After putting in our orders, the worker at the window got us our drinks, then told us to go out to the booths out front and wait there. They'd bring our food out to us. And they had moved a few booths that had once been located inside the store outside for people to sit at.

It turned out that our motel was perhaps the last motel on earth without wi-fi available, which was kind of important for me, so I checked for wi-fi connections and saw one called the Chama Grill. I asked the girl at the window if there was a password for us to log into it, but she said they didn't have wi-fi. What's up with the Chama Grill connection, then? Apparently it's used by them for internal use. Maybe the ordering terminals are hooked up to the printers, or maybe to handle electronic payments or who-knows-what, but basically nobody knew the password if there even was one. So... no wi-fi.

We wandered over to the booths and took our seats, but annoyingly, a large SUV was idling next to them. It was already a hot day with the sun beating down on us and no shade to be found, but it was all the worse when we could feel the waves of heat coming out from the engine block. Why were they just idling there for no apparent reason? We all grumbled about that, annoyed at the noise and extra heat the vehicle was producing just a couple of feet away. Jerks.

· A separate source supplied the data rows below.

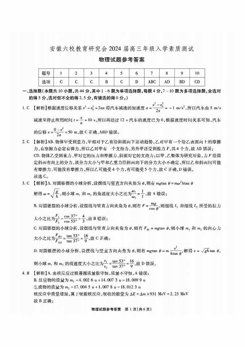 安徽省六校教育研究会2024届高三入学考试 物理参考答案
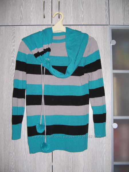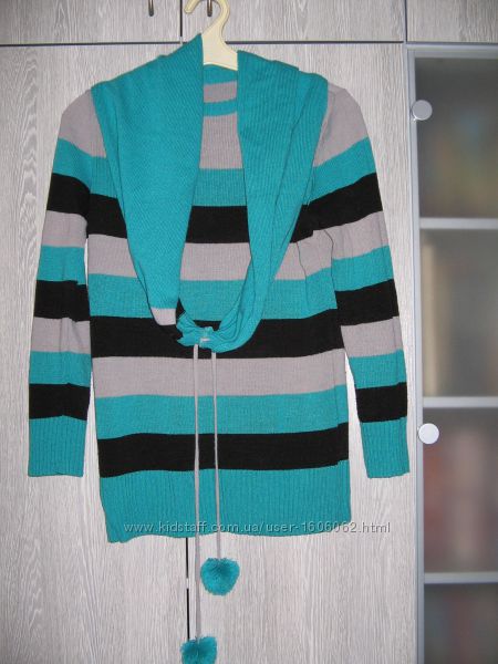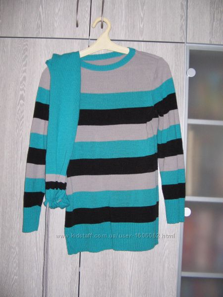 Свитерок в зеленую полоску с шарфом.Ширина по груди 48 см,длина 67 см,рукав 56 см .тянется хорошо цена 80 грнДругие объявления продавца
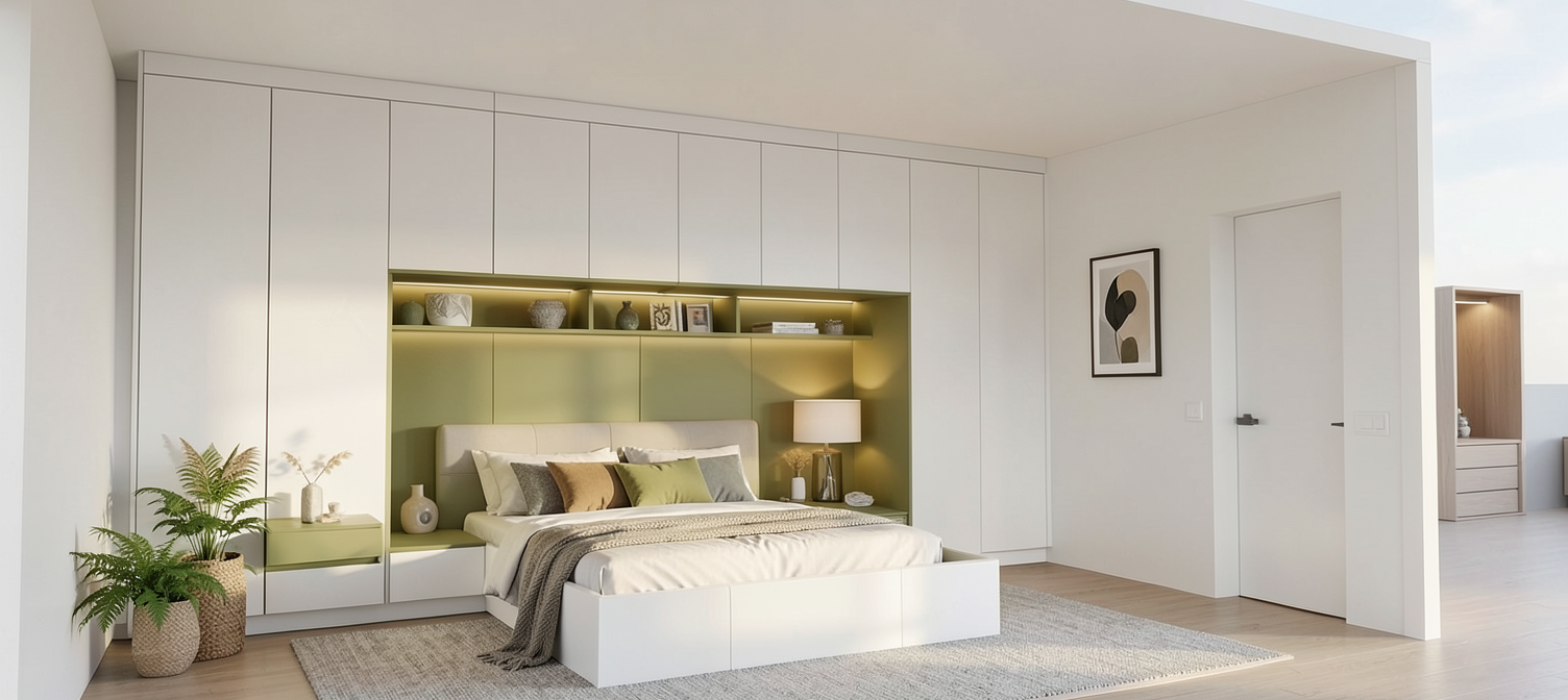 render this bedroom the colors are white superr matte and superr matte add bedroom elements and decor use the same colors as in the photo uploaded

Wi-fi and Evenstar waiting for our food to arrive. The shadow across the table was cast by the idling SUV that annoyed us so badly. We could feel the heat coming off the engine block and it was stupidly loud for a vehicle that wasn't even moving.

Eventually we got our meals, which was delicious. That was about the only part of the experience that was good at the restaurant, though.

And that was basically the day for us. Other hikers trickled in throughout the day--including Goose who, according to my journal, we chatted for a good portion of the evening but I have no idea what it was about. It was the first time I had met Goose, though. I probably would have spent more time online doing work except the lack of a wi-fi connection was a bit problematic. I could do some stuff with the data connection on my phone, but it was of limited use. So I chatted a lot more with Wi-fi, Evenstar and Goose than I probably otherwise would have done during the evening if I had had a wi-fi connection. (I believe that I more than once joked why I couldn't just connect to Wi-fi with a wi-fi connection.)

And thus ended another day on the trail............

I wonder why one log is happy but the other is sad?

I pose at the state boundary. The sign just marks the boundary of a national forest, not the state line. The two just happen to overlap here. The license plates are the only sign to let us know we've reached a new state.


Lou Catozzi (PI Joe) said...

A rare Thursday ALW posting. I like it. Thnx! Chama is a neat little town, what with the steam train and all.

Evenstar said...

It really was too bad that the train didn't run on Mondays. It would have been nice to catch the train up to Cumbres Pass!